Tempo para escrever e para pensar? Porquê? Como qualquer ser humano, os jornalistas estão constantemente no pico da sua criatividade e, se não conseguem escrever as suas dezenas de textos de segunda a sexta-feira, das oito da manhã às seis da tarde, é porque são todos uns langões. Que diabo, é só isso que têm para fazer! E não é difícil.
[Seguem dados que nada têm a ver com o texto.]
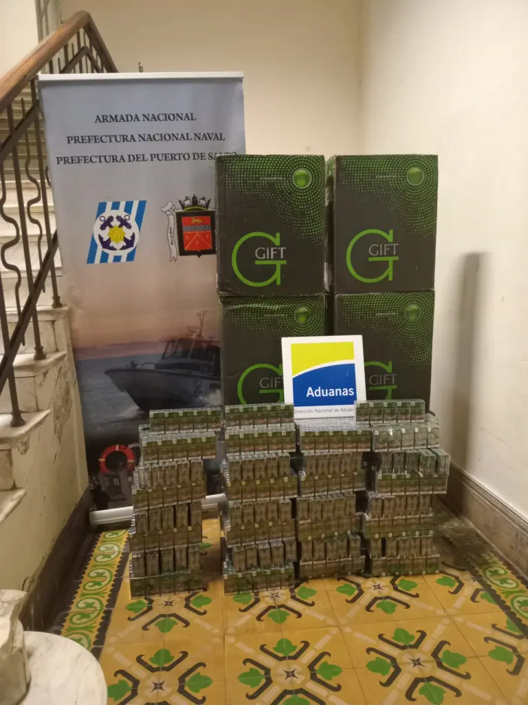 Durante el procedimiento se incautaron el vehículo y los nueve bultos de mercadería. Se dio intervención a Aduanas de Salto, organismo que estableció un valor primario total estimado en $1.052.400 pesos uruguayos, incluyendo tanto los cigarrillos como el vehículo.

De entre os profissionais da escrita, os jornalistas e críticos de vinho e gastronomia são os que levam a melhor vida. É só viagens, passeios, festas, almoçaradas e jantaradas, muitas e longas, um constante forró. Ninguém à volta dos jornalistas sofre com isso porque, apesar das múltiplas ausências e de todas as refeições que não passam em casa, toda a gente sabe que os jornalistas nunca conseguem manter uma família por muito tempo. E os que a têm não são exemplo para este caso, porque é sabido que os jornalistas ganham tanto dinheiro que as suas mulheres, os seus maridos e os seus filhos são encaminhados de férias para a Polinésia Francesa enquanto eles se divertem à conversa com produtores, enólogos, cozinheiros, comendo e bebendo do melhor nos intervalos.
Os críticos, esses, entretêm-se a dizer mal de tudo, até do próprio trabalho. Nos seus muitos momentos de ócio, críticos de vinho e de gastronomia divertem-se a deitar abaixo o trabalho dos produtores e chefes de cozinha que se esfalfaram para fazer um vinho ou conceber um prato. Provas de vinho? Deixem-me rir. Como é que alguém pode considerar isso trabalho? Os vinhos são todos iguais e provar, classificar e descrever cinco, vinte ou cinquenta vinhos de seguida é coisa que qualquer um faz. Cheira-se, prova-se, escrevem-se umas notinhas sobre isso e já está. Não requer esforço ou talento e não exige responsabilidade. Chamar trabalho a isso? Os jornalistas não trabalham.